A teacher attempts to make an unfair number cube by baking it for 5 minutes at 300°F. A fair number cube lands with 6 spots up one-sixth of the time. She wants to determine if she successfully made the number cube unfair. She rolls the number cube 150 times and finds that 6 lands up 35 times.

Do these data provide convincing evidence at the [tex]\alpha = 0.01[/tex] significance level that the proportion of rolls that will land 6 spots up is different from one-sixth? Are the conditions for inference met?

- Random: We have a random sample.
- 10% Condition: 150 < 10% of the population.
- Large Counts: There are expected successes and expected failures, which are both at least 10.

A. Yes, there is convincing evidence, and the conditions for inference are met.
B. Yes, there is convincing evidence, but the conditions for inference are not met.
C. No, there is not convincing evidence, and the conditions for inference are met.
D. No, there is not convincing evidence, and the conditions for inference are not met.

To determine if the proportion of rolls that will land 6 spots up is different from one-sixth, we can conduct a hypothesis test using a chi-square goodness-of-fit test. The null hypothesis is that the proportion is equal to one-sixth, and the alternative hypothesis is that the proportion is different from one-sixth.

Explanation:

To determine if the proportion of rolls that will land 6 spots up is different from one-sixth, we can conduct a hypothesis test. The null hypothesis (H0) is that the proportion is equal to one-sixth, and the alternative hypothesis (Ha) is that the proportion is different from one-sixth.

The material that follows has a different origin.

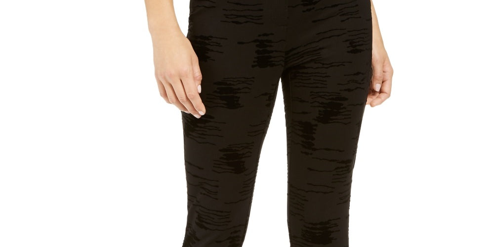 Approx. inseam: 29-1/2"|Front rise: approx. 9-1/4"; back rise: approx. 16-1/8"; skinny leg|Front zip closure|Velvet flocked print throughout|2 back faux welt pockets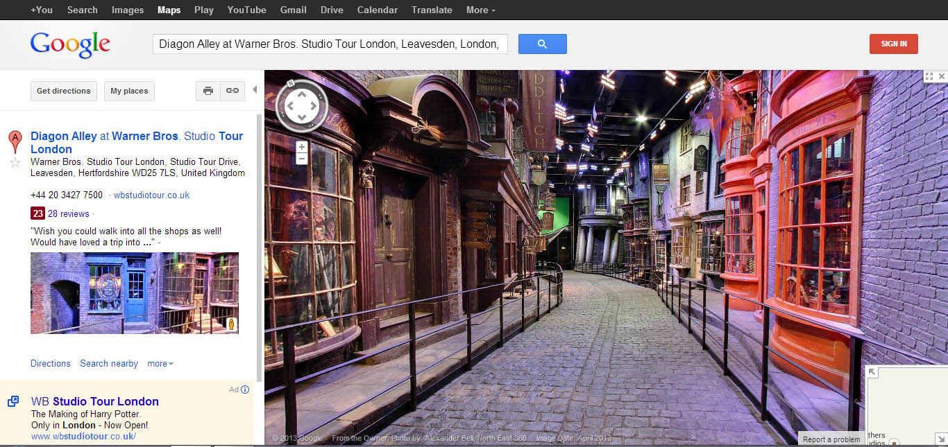 Η είδηση είναι ότι η Διαγώνιος Αλέα, η Diagon Alley, όπου ο Χάρι Πότερ αγόρασε όλα τα αναγκαία προτού πάει στο Χόγκουαρτς για να σπουδάσει μαγεία, εδώ και λίγες μέρες προστέθηκε στο street view mode των Google Maps. Eντάξει, όχι ακριβώς η ίδια η η Diagon Alley, μάλλον τα σκηνικά, το όλο σετ —που περιλαμβάνει κάπου 20.000 αντικείμενα τα οποία διακρίνονται στις βιτρίνες των καταστημάτων (χρειάστηκαν έξι μήνες να κατασκευαστούν)— των οχτώ ταινιών Χάρι Πότερ. Δηλαδή, τυπικά η Google χαρτογράφησε ένα υπαρκτό μέρος του κόσμου, ένα τμήμα των στούντιο της Warner Bros στο Leavesden του Hertfordshire.

Calculate the expected number of times a 6 will land up if the die is fair. The expected number is (total rolls) * (probability of landing 6). In this case, the expected number is 150 * (1/6) = 25.
Next, we perform a chi-square goodness-of-fit test. We calculate the test statistic, which is χ² = Σ((observed frequency - expected frequency)² / expected frequency). The observed frequency of 6 landing up is 35, and the expected frequency is 25. Calculate the test statistic using these values and the other observed frequencies and expected frequencies.
Finally, we compare the test statistic to the critical value of the chi-square distribution with 5 degrees of freedom (6 categories - 1). If the test statistic is greater than the critical value, we reject the null hypothesis and conclude that there is convincing evidence that the proportion of rolls that will land 6 spots up is different from one-sixth.

In this case, we would compare the test statistic to the critical value at the 0.01 significance level. If the test statistic is greater than the critical value, we would reject the null hypothesis and conclude that there is convincing evidence that the proportion is different from one-sixth.